So I have a dataframe of 5 columns with 9031 observations. Each record of a column is a the percentile rank of all the values in the column.
My goal is to find the highest percentile threshold to apply to all five columns in order to obtain n records.
So for example let's say my goal is to reduce to the number of records in my dataframe to 1000 records, what is the highest threshold I need to apply to all 5 columns in order to obtain 1000 records?
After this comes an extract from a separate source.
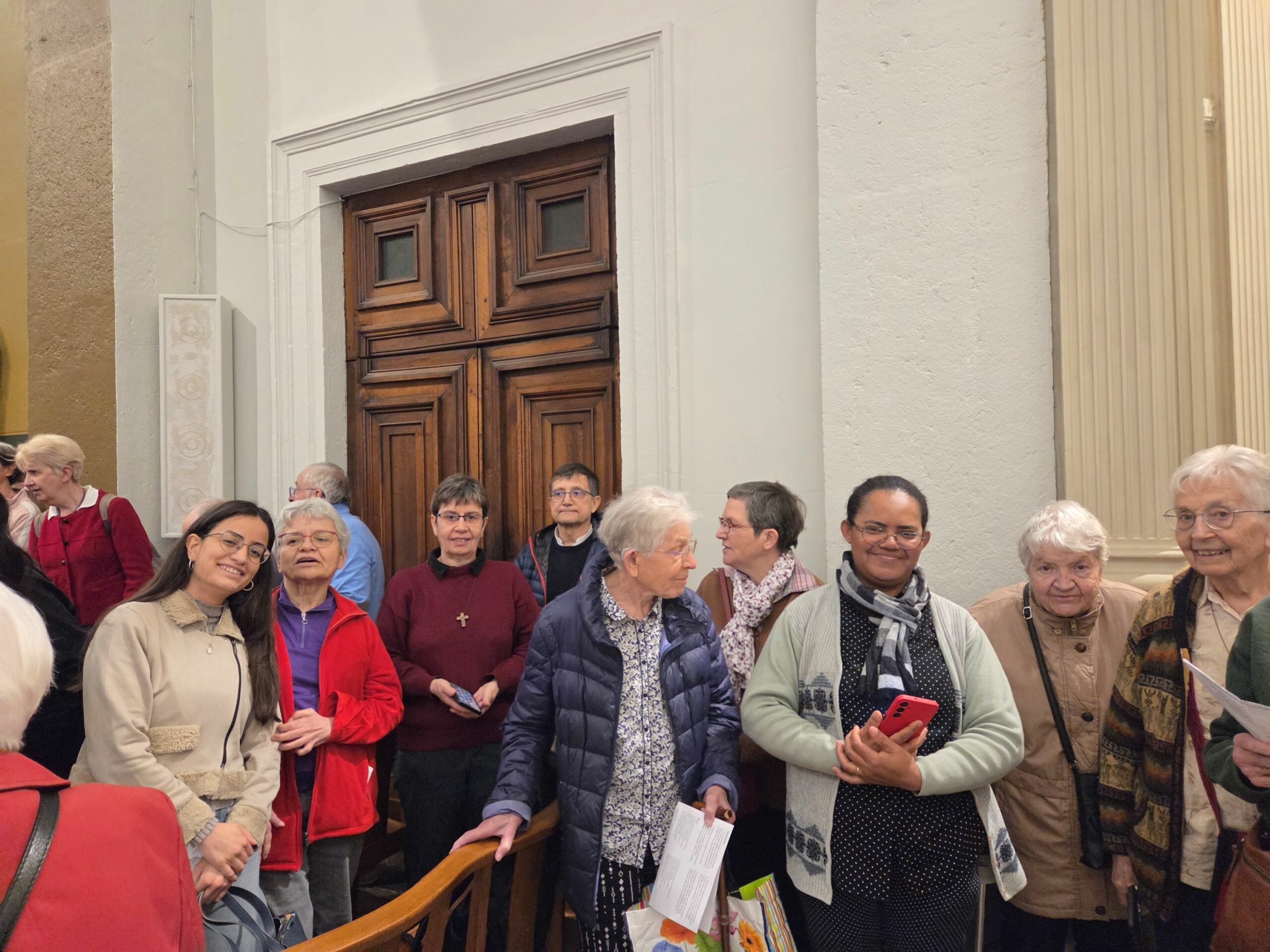 L’œuvre (en illustration de l’article) a été dévoilée aux fidèles réunis samedi 18 avril 2026 à 18h, en présence des membres de la Famille du Prado, dont les sœurs du Prado (Marie Jo Bellerre…), des pères Guy Rougerie, Régis Charre et Michel Durand, qui a accompagné la réalisation de cette création, ainsi que de jeunes bénévoles.

Variance_Five_Metrics$Zips medium medium.1 medium.2 medium.3 medium.4
1 00501 0.8395527 0.8671243 0.9894807 0.6567379 0.45875318
2 00544 0.8075518 0.8687853 0.9883734 0.6345920 0.45100210
3 01432 0.6124460 0.2460414 0.9701030 0.9103089 0.17107740
4 01434 0.7869560 0.3000775 0.9268077 0.8760935 0.11859152
5 01450 0.6642675 0.2451556 0.9919167 0.9585871 0.09600266
So let's say the above if the first five records (of 9031 records) of my dataframe. If I want to shrink my df to exactly 1000 records, what is the cutoff point I need to apply to all 5 columns in order to obtain exactly 1000 records where all 5 columns have values below this cutoff point?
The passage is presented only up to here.